Fast track — ArticlesRecent cancer survival in Europe: a 2000–02 period analysis of EUROCARE-4 data
Introduction
The crude annual incidence of cancer in Europe has been estimated at 338 per 100 000 population for eastern Europe and 447 per 100 000 population in western Europe.1 To measure the overall effect of the management of cancer, data on population-based survival are important. According to the EUROCARE studies,2, 3, 4, 5, 6, 7 survival varies greatly across Europe for common and rare malignancies. These variations can be explained by a number of factors, including differences in the quality of cancer-treatment facilities, in screening programmes, in evidence-based best-practice guidelines, in facilities for radiotherapy, and in access to new anticancer drugs. The results of the EUROCARE studies have encouraged governments in European Union (EU) member states to improve cancer services by increasing their organisation and investments, developing screening programmes, and providing more rapid access to state-of-the-art diagnostic facilities and treatment.8, 9
One of the limitations of long-term survival estimates derived from conventional survival analyses is that they refer to cohorts of individuals diagnosed many years before and not to patients diagnosed more recently; therefore, time trends in survival cannot be detected early (eg, the effects that earlier diagnosis or treatment might have on survival patterns). To address this limitation, period survival analysis has been used.10 Unlike traditional cohort analyses of survival, period analysis provides long-term survival estimates that also take into consideration survival of more recently diagnosed patients.

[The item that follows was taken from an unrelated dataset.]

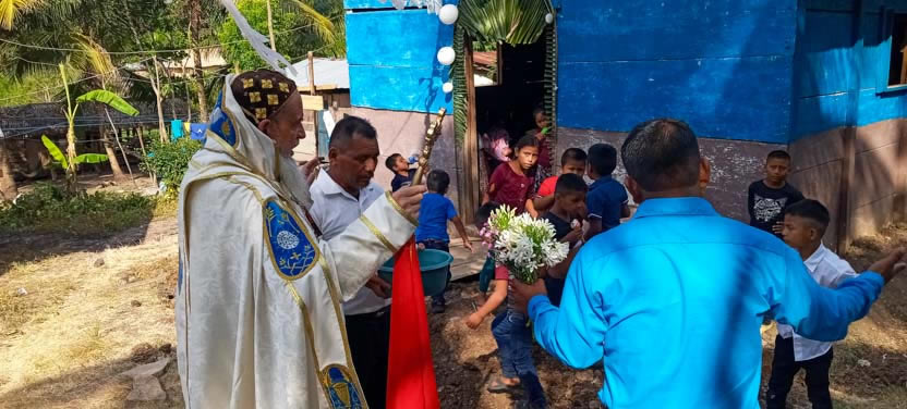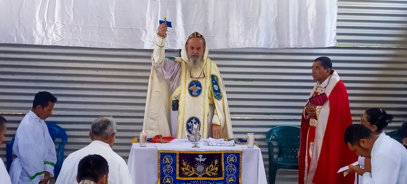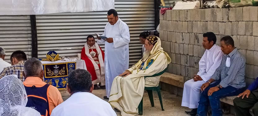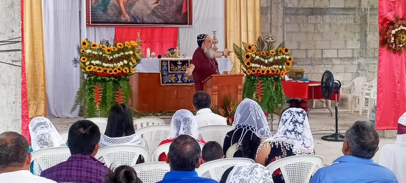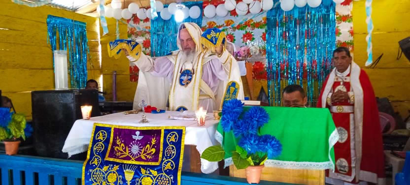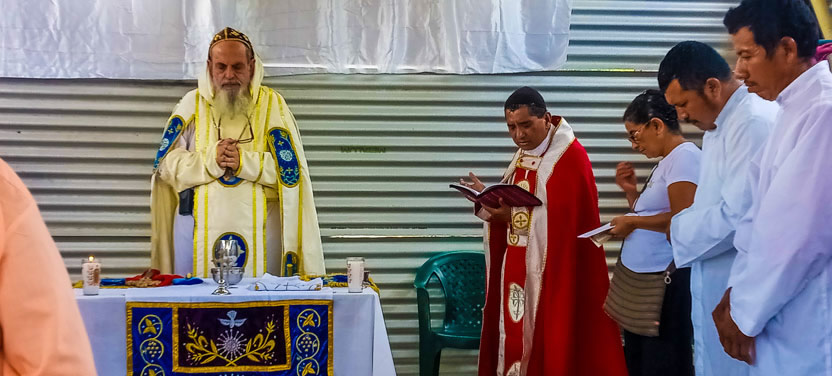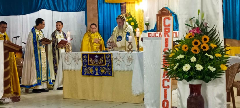 Seguidamente, el arzobispo presidió la celebración de la divina liturgia, la cual fue concelebrada por el padre Óscar Guardado, encargado pastoral local.

In the current study, we applied the period-analysis method to data, collected by the European cancer registries, of patients diagnosed from 1978 to 2002 to estimate recent survival by country and cancer site, and to assess survival changes in Europe. Survival 5 years after diagnosis was used as the indicator of outcome. We also compared our findings with data on cancer survival in the USA from the US SEER (Surveillance, Epidemiology, and End Results) programme.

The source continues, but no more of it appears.